28 Weeks Later takes everything good about 28 Days Later and expands upon it, offering up meatier, more complex characters, a surprisingly epic scale, and some truly intense and effective scares. The film opens with the white-knuckle pursuit of Donald and doesn’t let up until the final jarring moments. One scene, “shot” through the night vision scope of a rifle in a pitch-dark London subway station, is particularly unsettling, and one of the most unnerving cinematic experiences I’ve ever sat through. This is one of the rare examples of a sequel outshining its predecessor in almost every conceivable way.

 

 

28 Weeks Later looks fantastic, with a rich and highly detailed transfer that recreates the film’s dark color palette perfectly, and without a hint of digital noise or artifacting in even the darkest of circumstances (of which there are many). The aforementioned opening sequence, in which Donald is pursued across the lush green landscape of a rural British farmhouse, sets the tone for the rest of this transfer with its vividness and amazing clarity.

The mix on the uncompressed audio track is a bit on the loud side, with the abundance of explosions, gunshots, screams, and the film’s score swelling well above the comparably soft dialogue. I was watching this one rather late at night, and the variances in levels had me fumbling for the volume control on more than one occasion.
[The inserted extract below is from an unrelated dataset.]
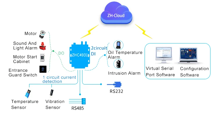 ZHC4931 can communicate directly with the client server after simply configured. The ZHC4931 follows the Modbus RTU/TCP protocol and also supports 485-channel transparent transmission protocols.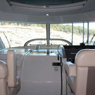 2012 Sea Ray 450 Sundancer – A Beauty! Powered by twin Cummins QSB 480 HO diesels, 457/441 hours. Zeus pod drives. Mercury Marine SmartCraft joystick control. Hydraulic trim tabs. Onan 11.5 kW generator, 401 hours. Battery bank with ProMariner battery chargers and switches. 50 AMP shore power with retractable 40 ft. cord. Electric windlass. Raymarine GPS, chartplotter, radar. VesselView display. TracVision digital satellite system. Full isinglass and canvas enclosure with AC cools the cockpit in hot summer months! Cockpit seating includes a bolstered double helm seat, a double companion seat, and wrap around sofa. Entertain using the refreshment center - sink, refrigerator, and electric grill. Add to that the dining table, flatscreen TV, Sony stereo system, and retractable sunroof! Extra-large swim platform. Transom shower for a hot or cool water rinse. Step up from the cockpit onto the side passageway to the bow where there are sun pads for great views and relaxation!

Still, the quality of the audio is top-notch, and I’ll definitely revisit the film at a more reasonable time of day so I can truly “let it fly”.

 
An abundance of bonus material is presented, but, sadly, all of it is in standard definition, including three short featurettes, a pair of deleted scenes, animated “comic” panels, and a commentary track featuring director Juan Carlos Fresnadillo and producer Enrique Lopez-Lavigne. Extras are rounded out by a trailer for this feature, as well as a trailer for 28 Days Later.
 

 

One of the best horror films of the past decade gets an even better sequel, chock-full of action, intense scares, and much sly political commentary (despite our best intentions, America should really just take care of itself). An essential addition to anyone’s Blu-ray library!